═════ THE DATA ═════

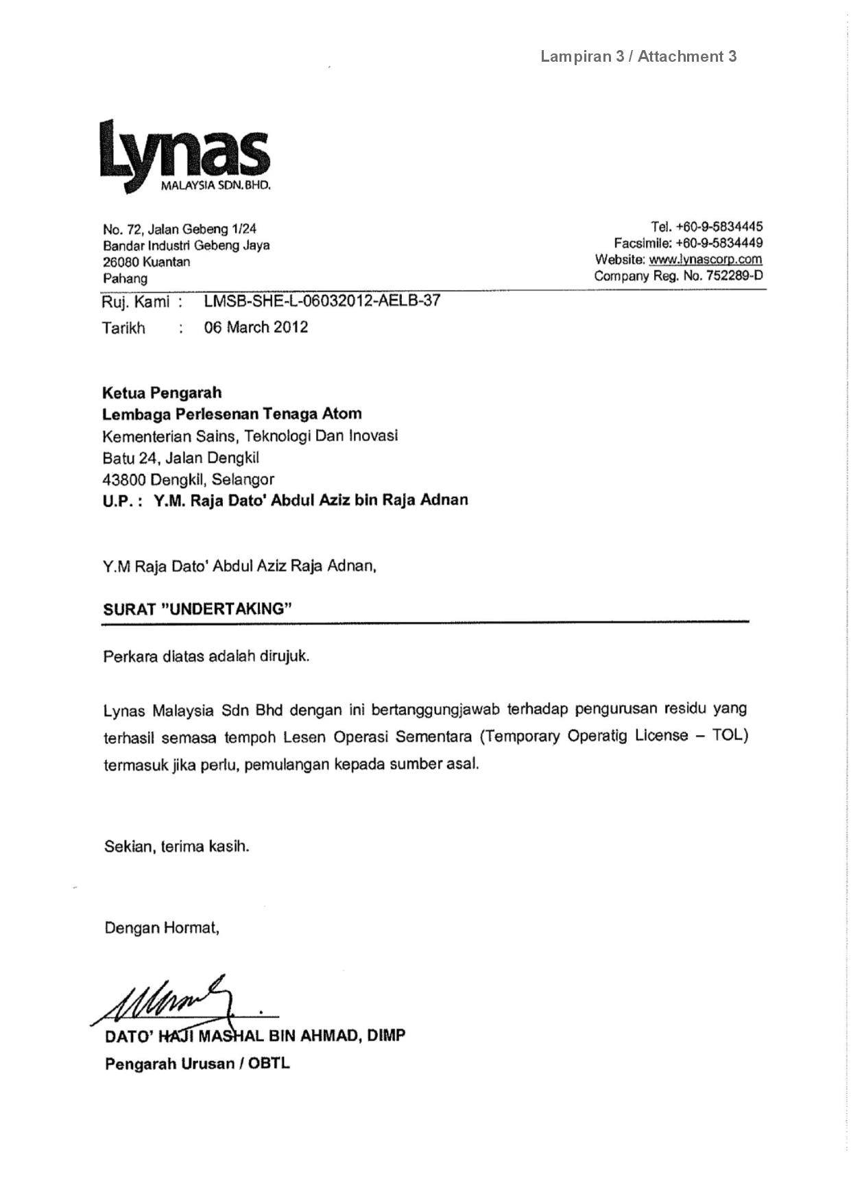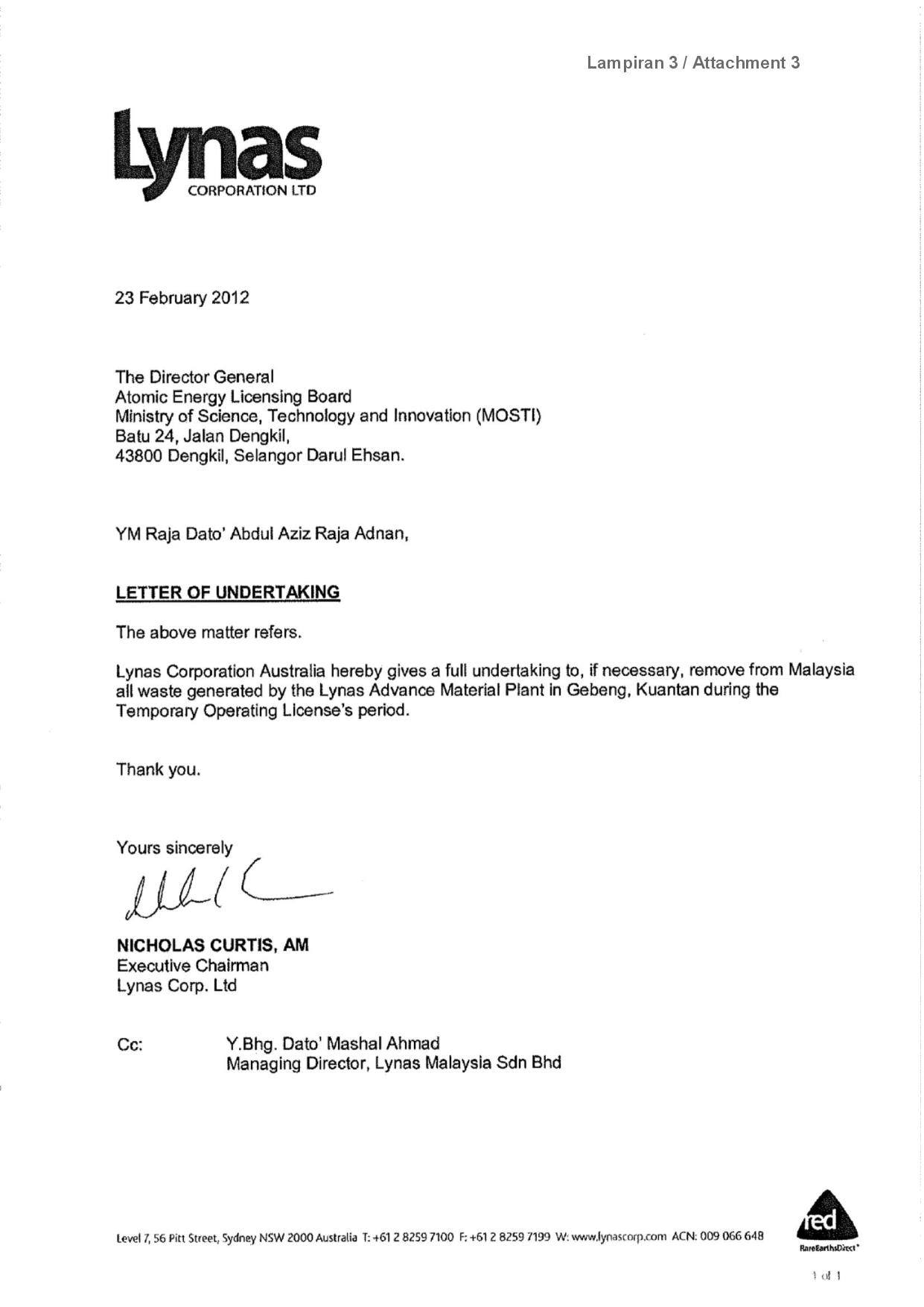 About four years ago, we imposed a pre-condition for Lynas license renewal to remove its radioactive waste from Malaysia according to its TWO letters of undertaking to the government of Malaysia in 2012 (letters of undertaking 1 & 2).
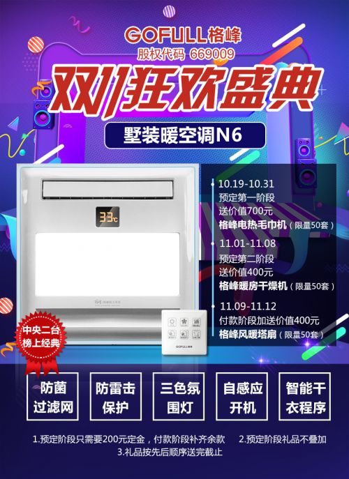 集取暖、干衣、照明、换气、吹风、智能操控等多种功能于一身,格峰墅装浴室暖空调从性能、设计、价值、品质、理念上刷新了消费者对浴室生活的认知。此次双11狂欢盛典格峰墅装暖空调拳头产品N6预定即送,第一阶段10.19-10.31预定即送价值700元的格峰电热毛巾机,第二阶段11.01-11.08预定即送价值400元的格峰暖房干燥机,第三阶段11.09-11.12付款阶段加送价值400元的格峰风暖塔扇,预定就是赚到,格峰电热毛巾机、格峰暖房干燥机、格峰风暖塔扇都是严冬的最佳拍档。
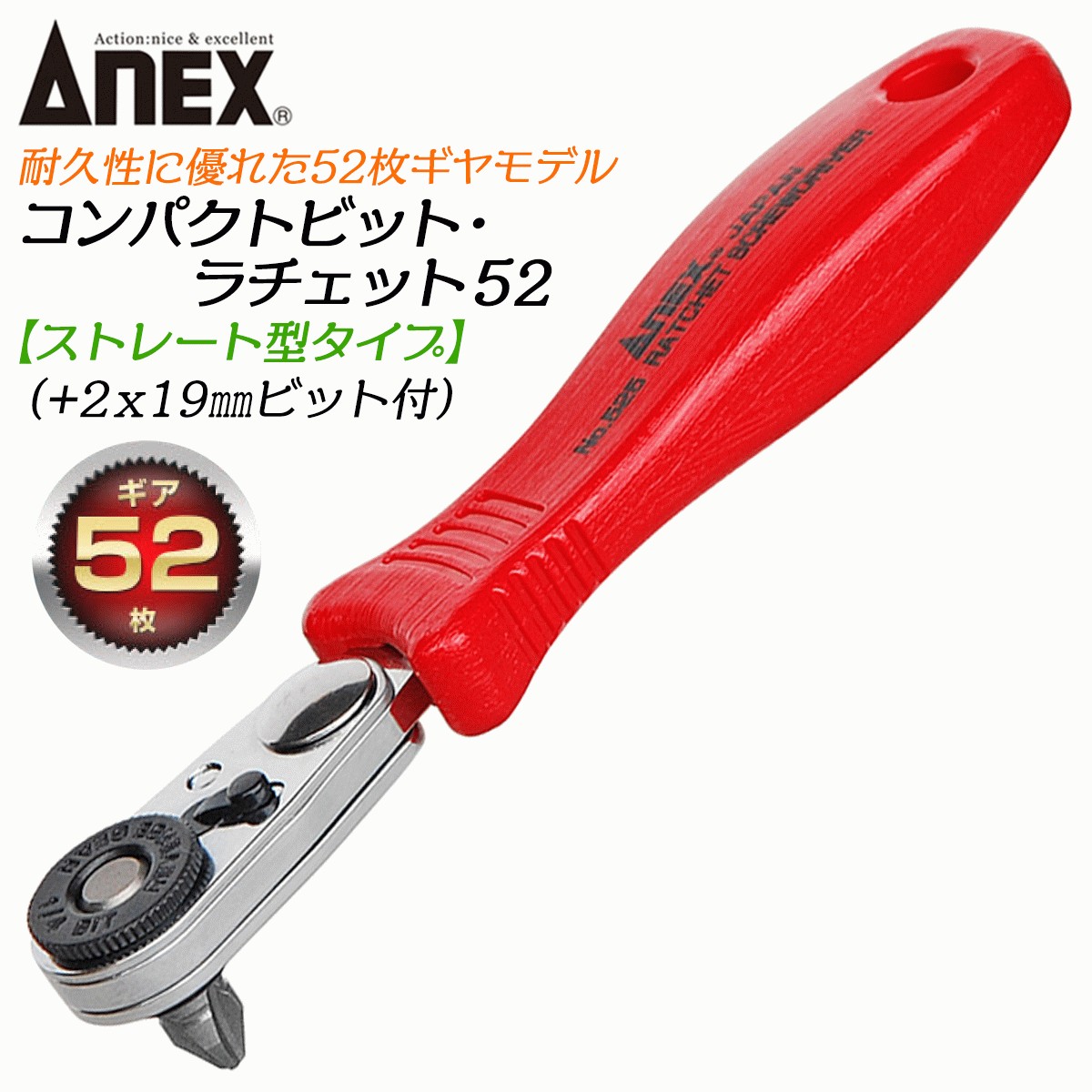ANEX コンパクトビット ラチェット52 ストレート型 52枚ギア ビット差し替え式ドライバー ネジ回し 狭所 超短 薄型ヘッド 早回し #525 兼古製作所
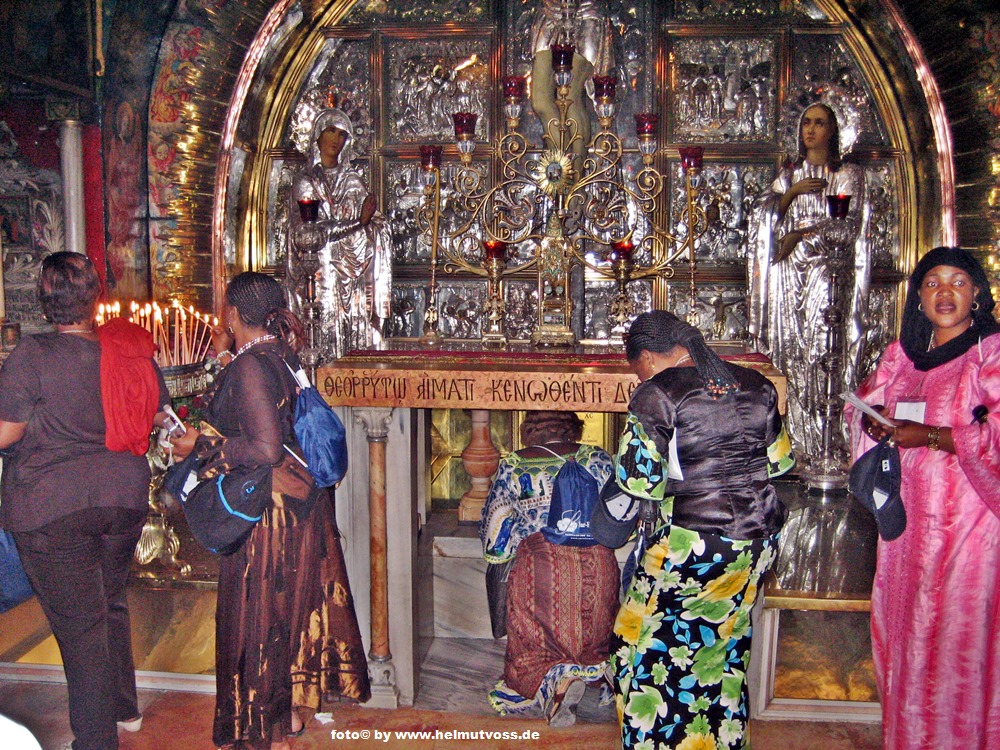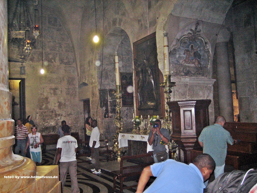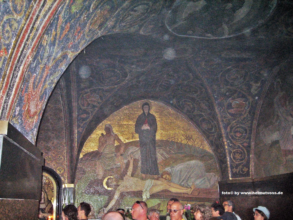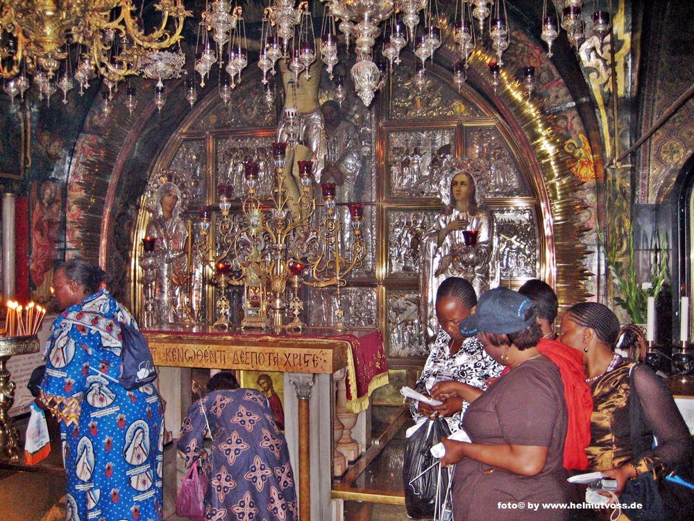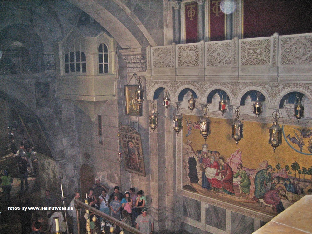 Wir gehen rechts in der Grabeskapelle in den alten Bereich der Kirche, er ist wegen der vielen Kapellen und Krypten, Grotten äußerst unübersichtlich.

═════

Your answer must be an exact copy of the listing, minus its pictures.

 About four years ago, we imposed a pre-condition for Lynas license renewal to remove its radioactive waste from Malaysia according to its TWO letters of undertaking to the government of Malaysia in 2012 (letters of undertaking 1 & 2).
 集取暖、干衣、照明、换气、吹风、智能操控等多种功能于一身,格峰墅装浴室暖空调从性能、设计、价值、品质、理念上刷新了消费者对浴室生活的认知。此次双11狂欢盛典格峰墅装暖空调拳头产品N6预定即送,第一阶段10.19-10.31预定即送价值700元的格峰电热毛巾机,第二阶段11.01-11.08预定即送价值400元的格峰暖房干燥机,第三阶段11.09-11.12付款阶段加送价值400元的格峰风暖塔扇,预定就是赚到,格峰电热毛巾机、格峰暖房干燥机、格峰风暖塔扇都是严冬的最佳拍档。
ANEX コンパクトビット ラチェット52 ストレート型 52枚ギア ビット差し替え式ドライバー ネジ回し 狭所 超短 薄型ヘッド 早回し #525 兼古製作所
 Wir gehen rechts in der Grabeskapelle in den alten Bereich der Kirche, er ist wegen der vielen Kapellen und Krypten, Grotten äußerst unübersichtlich.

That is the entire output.